Materials and methods

Ethics statement

All animal studies were conducted in accordance with protocols approved by the Animal Care and Use Committee of Shandong University.

Cell culture

The human lung adenocarcinoma (LUAD) A549 cell line and the human lung squamous cell carcinoma (LUSC) SK-MES-1 cell line (both human NSCLC cell lines) were obtained from the American Type Culture Collection. Both cell lines were cultured in RPMI-1640 medium supplemented with 10% fetal bovine serum (Gibco; Thermo Fisher Scientific, Inc.) and 1% penicillin/streptomycin (HyClone; GE Healthcare Life Sciences) at 37°C in a humidified incubator with 5% CO2.

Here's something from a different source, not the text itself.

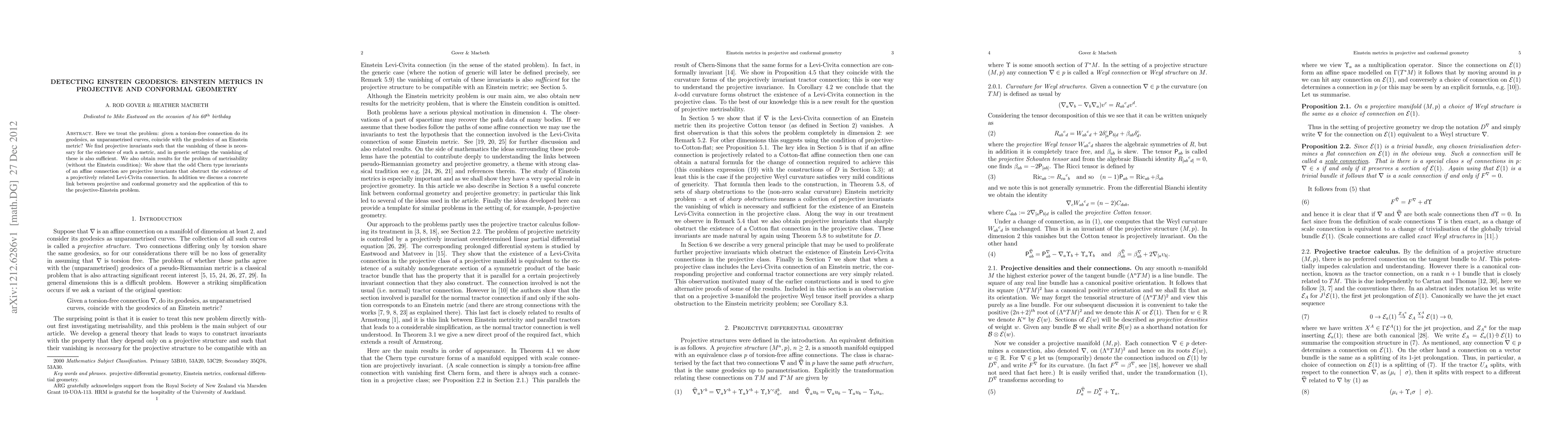 This paper investigates whether geodesics from a torsion-free connection can coincide with those of an Einstein metric, identifying projective invariants necessary for such a metric's existence. It also explores the metrisability problem, revealing that odd Chern type invariants obstruct the existence of a projectively related Levi-Civita connection.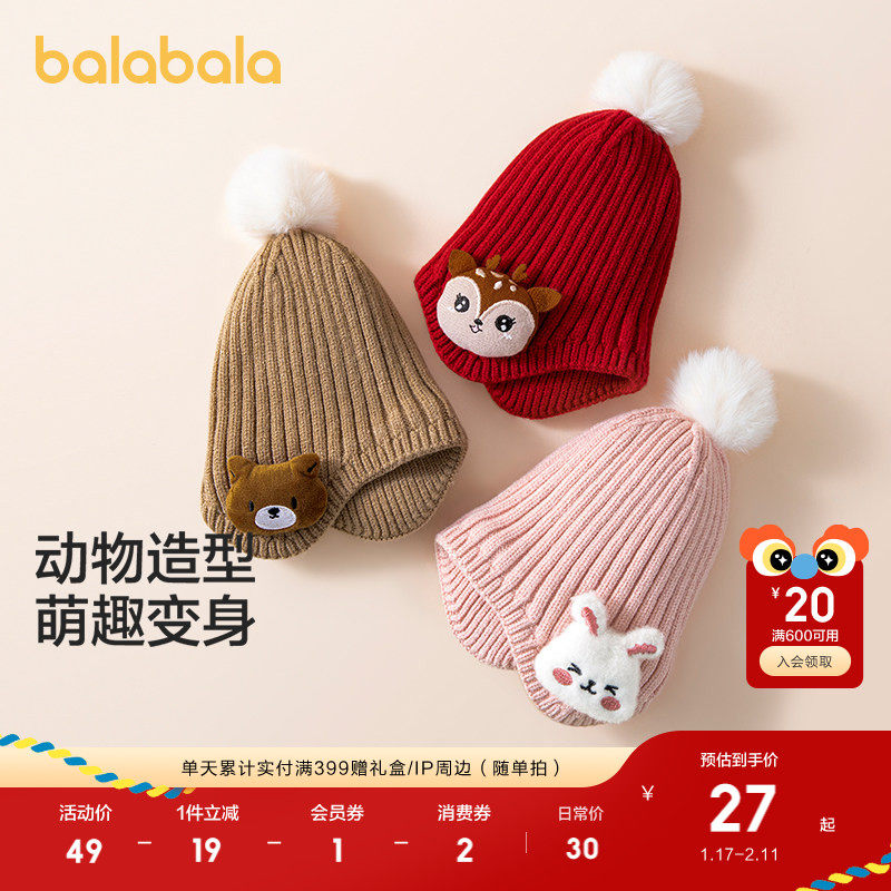巴拉巴拉儿童帽子男童女童可爱萌趣保暖帽护耳帽厚实舒适温暖冬季

Flow cytometry analysis of CD93 expression in NSCLC cells

CD93 expression in A549 and SK-MES-1 cells was determined using flow cytometry. In brief, the cells were digested by trypsin, centrifuged (100 × g at 4°C for 5 min) and suspended in ice-cold PBS (pH 7.4) at a concentration of 5×105 cells/100 µl. The cells were then incubated with PBS and phycoerythrin (PE)-conjugated CD93 antibody (200 µg/ml, dissolved in phosphate-buffered solution with 0.09% sodium azide and 0.2% BSA, pH 7.2; BioLegend, Inc.) for 30 min at 4°C. After the incubation, the cells were washed twice with ice-cold PBS and the binding efficiency was analyzed using a MACSQuant flow cytometer (Miltenyi Biotec GmbH). The mean fluorescence intensities were quantified using FlowJo 7.6.1 software (Tree Star, Inc.).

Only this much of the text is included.